Buku tidak selalu berisi uraian ilmiah akademis teoritis tentang suatu hal. Buktinya, waktu aku pergi ke toko buku, yang ditawarkan di sana sangat beragam. Ada buku tentang aneka tip rumah tangga, buku harian tokoh tertentu, sampai nama-nama bagi bayi. Ada juga buku resep masakan, buku humor, juga novel dan cerita pendek. Bahkan aku pernah melihat buku yang isinya postingan dari suatu blog seseorang. Nah, dalam bayanganku, jika pengalaman berwisata para kompasianer itu dikompilasikan, tentu akan lahir buku panduan berwisata seperti Lonely Planet. Cerita fiksi yang ditulis kompasianer bisa dikompilasi menjadi buku kumpulan cerita pendek atau cerita bersambung.
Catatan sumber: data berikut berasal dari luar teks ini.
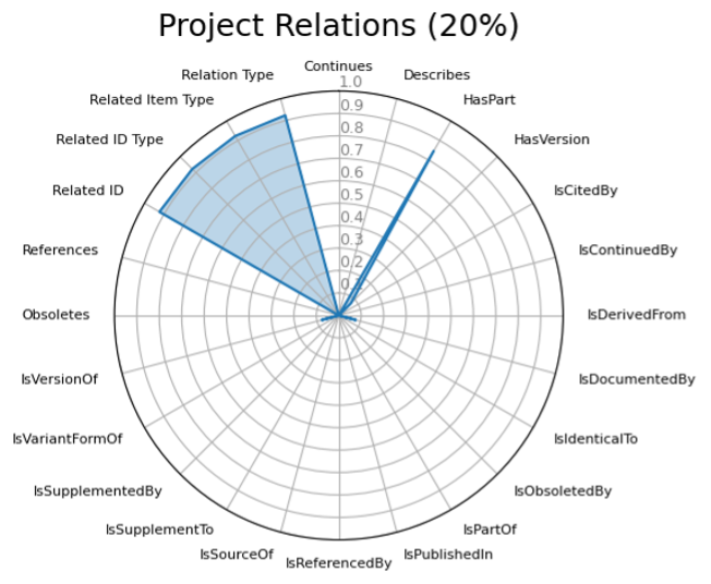 Keeping this in mind, repositories with high numbers in these use cases are good examples of the project description capabilities that the DataCite metadata schema offers. It is not surprising, therefore, that the highest utilization of the schema comes from a project record developed by DataCite for the FAIR Workflows Project.

Tentu saja hal ini memerlukan proses, kang. Membuat draft buku tidak semudah membalik telapak tangan. Ujug-ujug dadi. Nggak mungkin itu. Tapi, menurutku bisa dimulai dari membuat tulisan-tulisan yang bernas. Ah, tentu teman-teman kompasianer paham maksud tulisan yang bernas itu. Selanjutnya, bila draft buku dinilai cukup layak, kita tawarkan ke penerbit. Bukankah sekarang banyak penerbit baru yang muncul? Mereka tentu mem-butuhkan naskah buku sebanyak mungkin. Nah, bekerja sama dengan penerbit me-mungkinkan kita menyebarluaskan ide-ide brilian tadi ke seluruh nusantara. Semakin banyak orang Indonesia yang tercerahkan ber-kat buku kita, semakin besar nilai diri kita di hadapan Allah swt. Bukankah sebaik-baik manusia adalah yang paling besar manfaatnya bagi sesama, kang?